Легла на палубу и, закинув руки за голову, уставилась в звёздное небо. Завораживающе безграничное, бесконечно глубокое. С мелкими подмигивающими серебряными искрами. Неточно сравнение, но самое близкое из мелькнувших: ночная аспидность воды с мерцающим планктоном. Небеса и море: одно – зеркальное отражение другого. Мы, живые существа, пространства между этими загадочными мирами, такие же крохотные частички своего неизведанного мира, как планктон для своего.
Планеты сталкиваются, взрываются, пропадают, изменяются, появляются. Также у людей.
Немного озябнув, – купальник всё же не ночной наряд, – я встала и огляделась. Яхту не качало, как до этого. Море спокойное, ветер чуть ощущаемый, бескрайность – ни огней, ни земли. Круто! Никогда прежде такого не видела.
– Ты светиться, – низкий голос нарушил мирный порядок мыслей. Я обернулась. Фатих прислонился к двери капитанской и сложил руки на груди. Лицо задумчивое, глаза сверкают ярче звёзд: – Тебе нравится? Любить море?
– Давно заметила, что на южных морях мне хорошо. Видимо, при всей моей северности, я – южанка. Жара уютнее холода. Нам осталось долго плыть? – хаотично соображала, как увести болезненный разговор в другое русло.
– Мечтать избавиться от меня, мурена?
На шее сомкнулись невидимые тиски. Сдвинуться не могла, будто одеревенела.
– И да, и нет… – обречённо выдавила и опустила голову. Трудно признаваться, особенно, когда «так» глядят: выжидающе-испепеляя. Жар накатил быстро. Фатих оказался рядом и заставил посмотреть на него – пальцем воздел мой подбородок:
– Я не понимать, – низкий шёпот выбил почву из-под ног. Каплан с пугающей лёгкостью завладел вниманием. Взирала с благоговейным трепетом, запоминала бездонность глаз, дурман пьянительного запаха, ритм шумность дыхания, голосовые вибрации,реакцию на прикосновения.
– Боюсь этого и жажду одновременно, – отозвалась точно под гипнозом. – Так будет лучше для всех. Сам знаешь! Мы из разных миров. Встретились, переспали, разбежались. Просто не хочу последнее затягивать – сантименты не для меня.
– Ты – сильный. Меня это восхищать.
– Прогони, – сорвалась молитва, – так будет ещё проще. Я – гордая, даже больше не взгляну, – врала безбожно. Буду искать в толпе даже в Мурманске, но говорила твёрдо: – Ты мне дал больше, чем желала.
– Я не мочь тебя прогнать. Пока… – мотнул головой. – Возьму всё. – ожесточился – пригрозил. Я захлебнулась в томительном ожидании. Фатих горячился: – До последней секунда, если сама не прогнать.
Я едва сдерживала едкую солёную воду, режущую глаза – не хватало ещё разреветься. Каплан с безапелляционной циничностью отмёл мои предрассудки – впился садистическим поцелуем, властно подчиняя своей похоти.

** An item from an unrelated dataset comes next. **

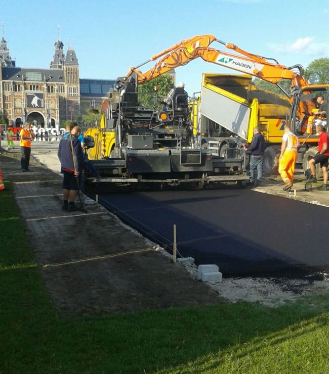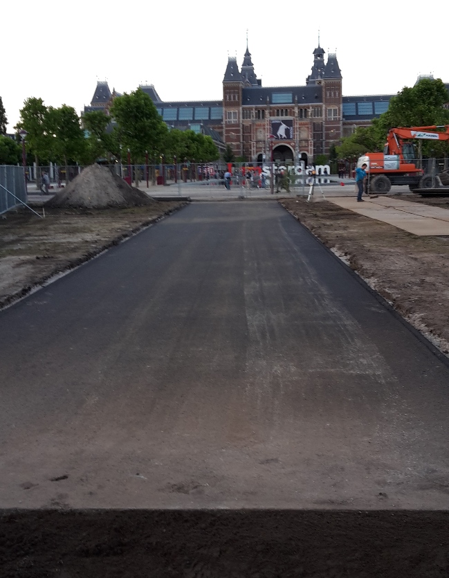 Een goedgekeurde asfalt aanloop voor het Rijksmuseum.

Чутким равнодушием и ненавязчивым натиском сокрушил вялые попытки освободиться из сладкого плена, остановить телесную пытку – удержал насильно, пока не сдалась, не обмякла. Как истинный джентльмен покорил манерами, с господскими замашками доминанта приструнил непокорную рабыню – заломил мои руки, победно сжимая объятия. Грубоватой нежностью уничтожил хрупкий барьер сомнений – обжигающим пылом загасил мысли о неминуемом и, весьма, плачевном будущем.

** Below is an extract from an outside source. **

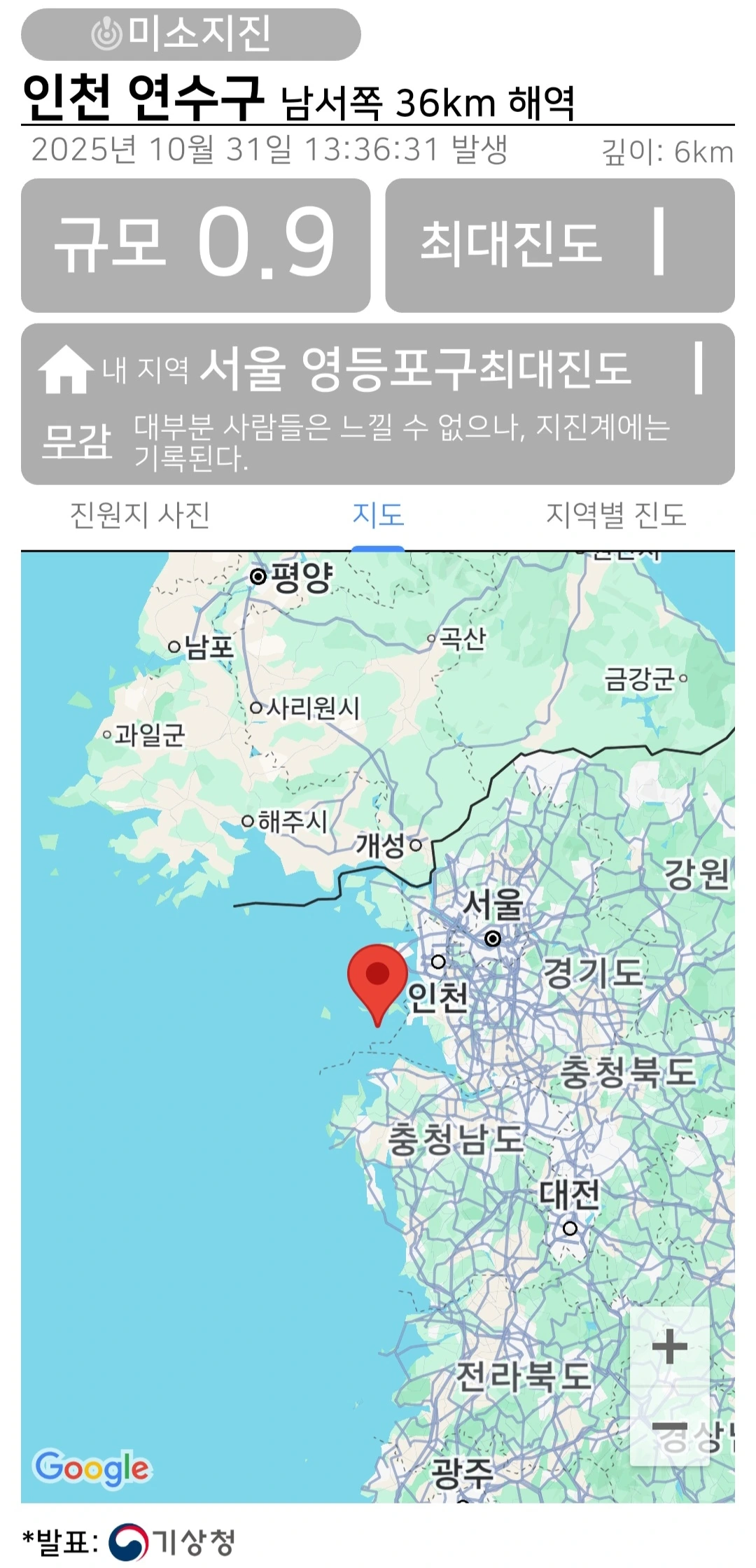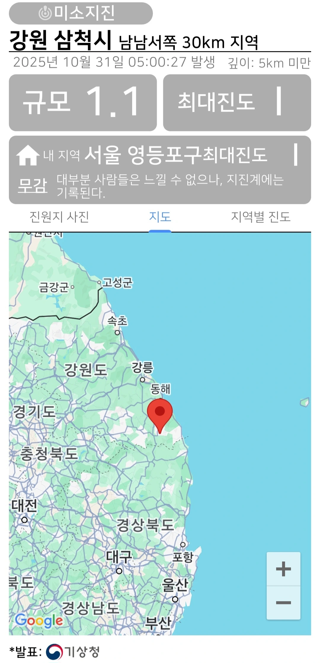 삼척을 포함한 동해 해역과 인천 연수구 해역(서해)도 크고 작은 해역 지진의 기록이 있습니다.

Ласками на грани боли приручил, заставил страстно изнывать от одного прикосновения… «его» прикосновения. Выполнять команды по требованию, будто питомец для дрессировщика – одно слово, жест – беспрекословное подчинение.

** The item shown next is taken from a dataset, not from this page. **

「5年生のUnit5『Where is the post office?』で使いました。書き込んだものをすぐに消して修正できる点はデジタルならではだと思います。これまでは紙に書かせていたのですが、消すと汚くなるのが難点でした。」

Бесцеремонно галантно приподняв, усадил на себя – не дал рухнуть, ведь теряла сознание под напором чувств. Заручившись поддержкой моего злейшего врага, – меня же самой – и, получив в дар право на безлимитное пользование, нагло хозяйничал в моей обители. Всеобъёмно завладел разумом. Поиграв, растерзал на кусочки душу. Хладнокровно мародёрничал в сердце. С лёгкостью поработил тело. С трепетной небрежностью мягко доказал, у нас впереди ещё есть целая ночь. «Убил» затяжным, жгуче-бесстыдным «танцем истлевших от желания». Смутиться, как, пожалуй, и возмутиться не успела – нырнула в омут с головой.